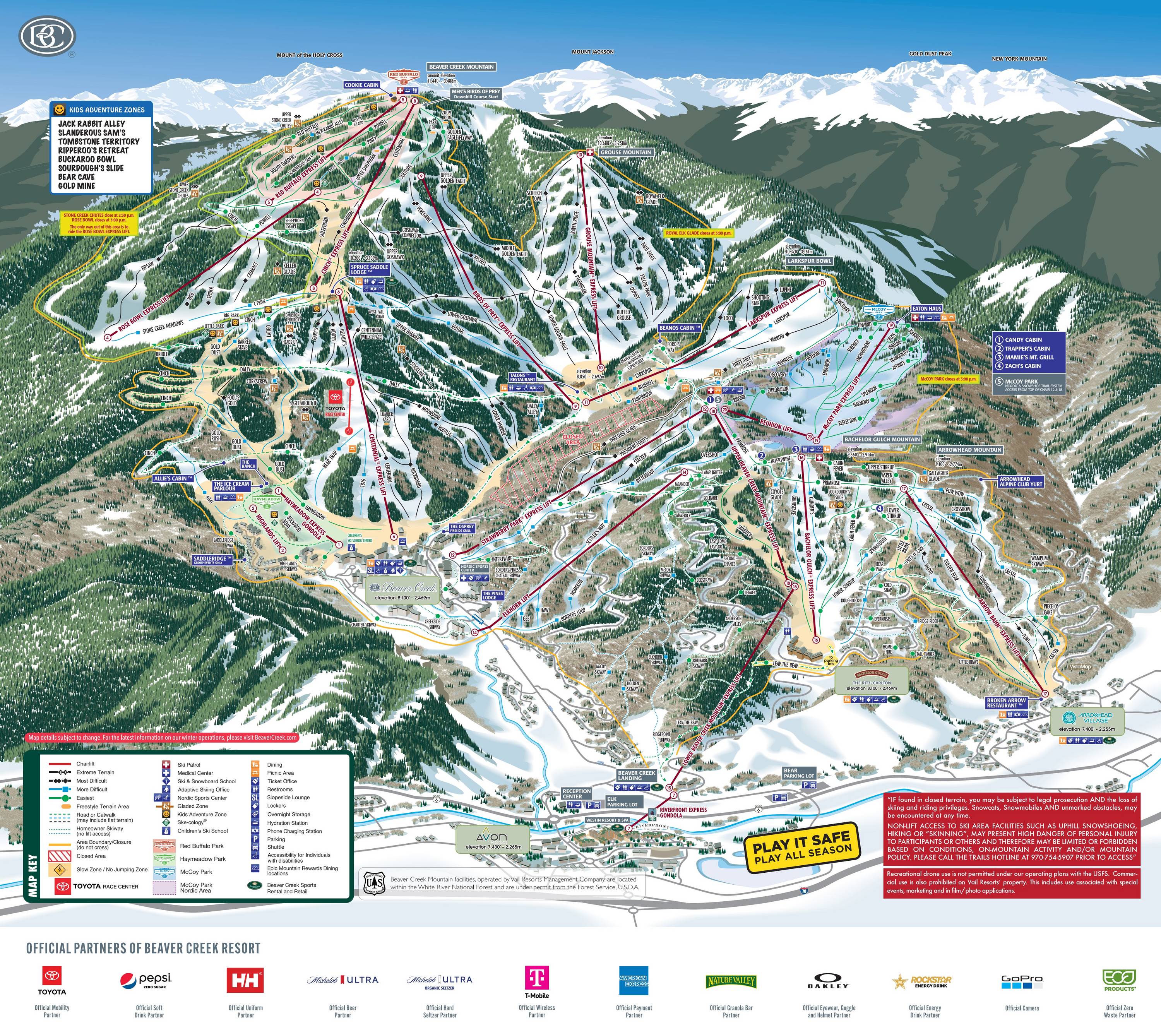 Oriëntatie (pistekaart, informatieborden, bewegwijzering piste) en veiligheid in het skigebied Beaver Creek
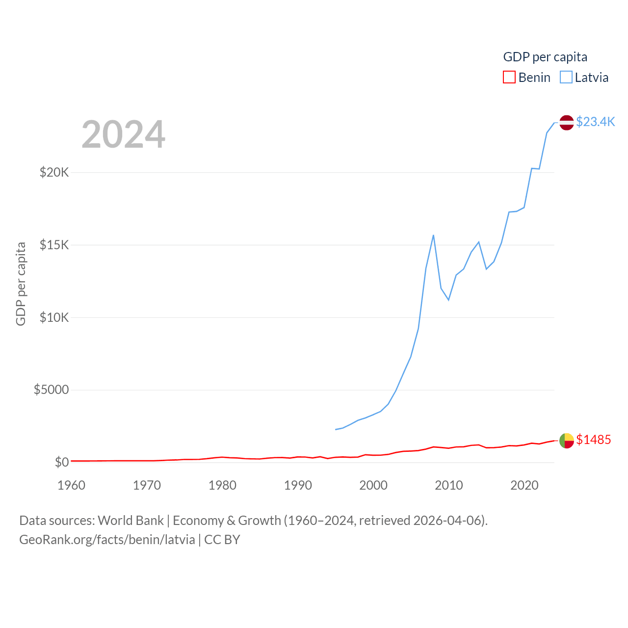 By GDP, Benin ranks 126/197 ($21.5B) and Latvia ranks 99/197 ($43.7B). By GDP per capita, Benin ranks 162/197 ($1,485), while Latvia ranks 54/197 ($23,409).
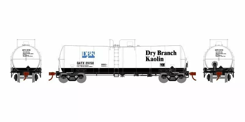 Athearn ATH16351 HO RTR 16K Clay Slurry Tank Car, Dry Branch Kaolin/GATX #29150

• Problem to solve:
Wherever an image appears in the data, omit it and repeat everything else exactly.

• Response:
 Oriëntatie (pistekaart, informatieborden, bewegwijzering piste) en veiligheid in het skigebied Beaver Creek
 By GDP, Benin ranks 126/197 ($21.5B) and Latvia ranks 99/197 ($43.7B). By GDP per capita, Benin ranks 162/197 ($1,485), while Latvia ranks 54/197 ($23,409).
 Athearn ATH16351 HO RTR 16K Clay Slurry Tank Car, Dry Branch Kaolin/GATX #29150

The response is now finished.